Looking for anything that might improve his condition, Nicole brought her son to Healing with Hyperbarics, a south Fargo clinic that treats patients in pressurized chambers filled with pure oxygen.
Known as hyperbaric oxygen therapy, or HBOT, the treatment is designed to speed up recovery from injuries by oxygenating tissue to increase blood flow. The therapy has been used to treat victims of carbon monoxide poisoning and the bends, a potentially deadly decompression sickness experienced by divers who resurface from great depths.
Proponents like clinic founder Dr. Daphne Denham and many of her patients say the therapy can relieve sufferers of traumatic brain injuries from chronic head pain and brain fog, though it has not yet been scientifically proven to work.
"We need a lot of data to convince the naysayers and there are a lot of them," Dr. Denham said in August 2018.

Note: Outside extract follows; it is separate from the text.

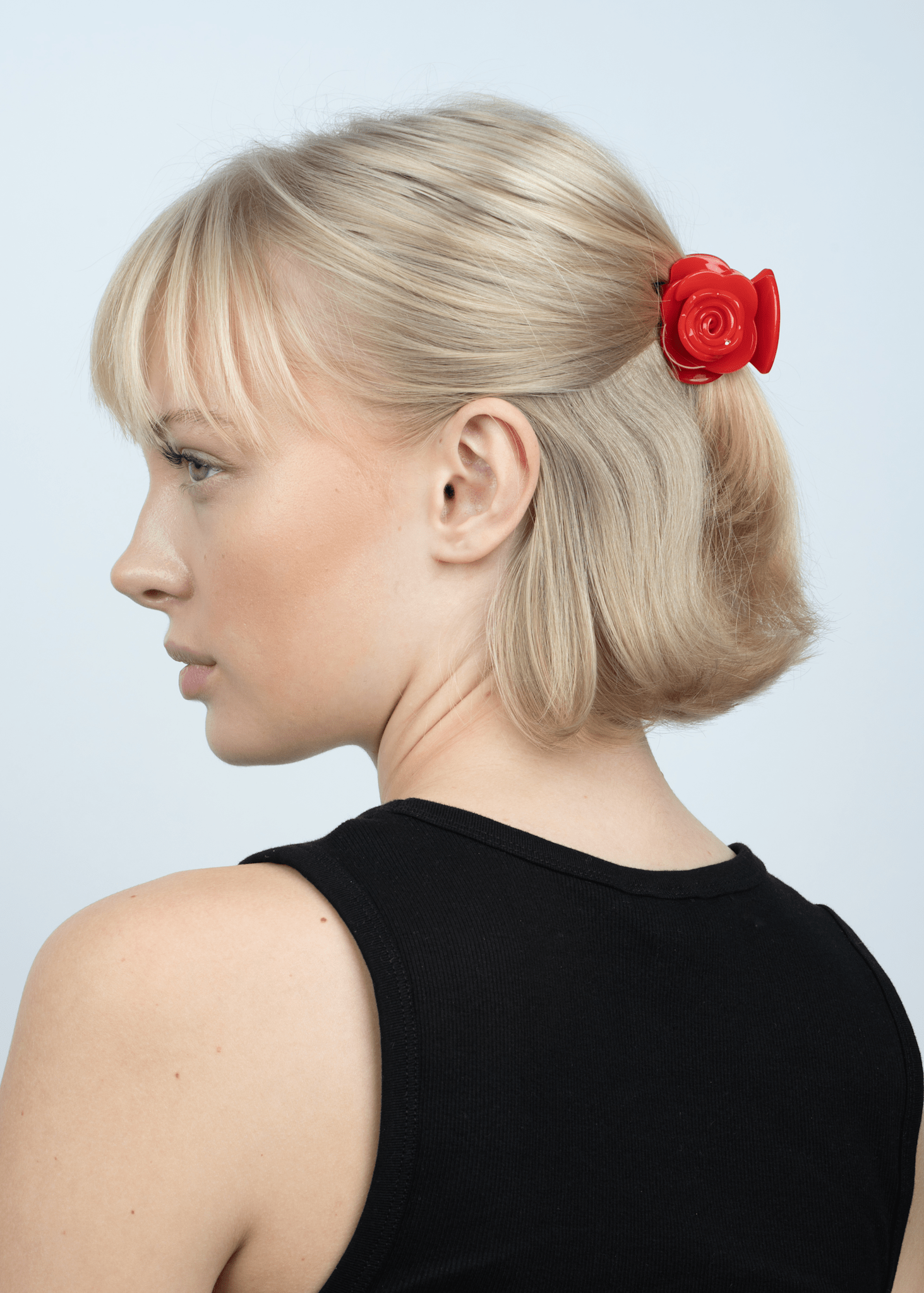 Rosie Mini in red is a decorative and elegant hair claw, shaped like a beautifully sculpted rose. The bold red hue adds a daring yet romantic touch, while the compact size makes it ideal for fine hair or securing small sections 🌹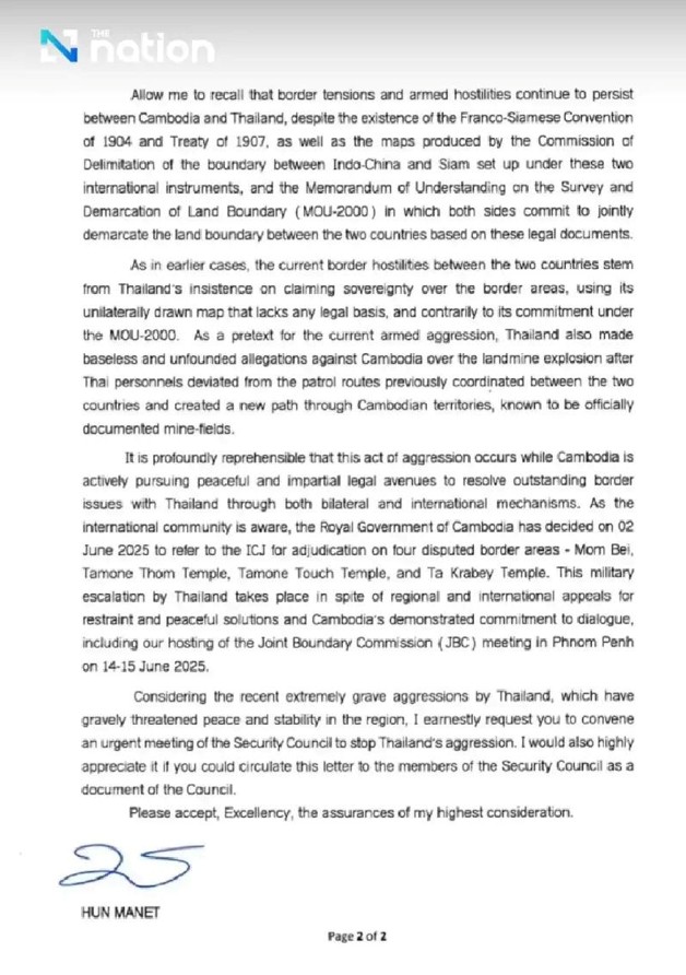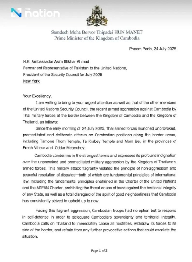 The Cambodian PM has addressed a letter to Ambassador Asim Iftikhar Ahmad, Pakistan’s Permanent Representative to the United Nations and President of the Security Council for July 2025, citing series of alleged armed attacks by Thailand.

A 2018 Veterans Administration study found that hyperbaric therapy has the potential to fulfill a "great need" to improve the health of patients with traumatic brain injuries, but study results have not been easily replicated. "We simply still don't know," the study's authors said of the therapy.
But regardless of the ongoing debate in medicine, Payton and many others swear by the treatment.
"He was alert and that was the biggest improvement that we noticed, he was like he had life breathed back in him again," Nicole said of her son's experience with HBOT. "This is the first thing that has given us true healing."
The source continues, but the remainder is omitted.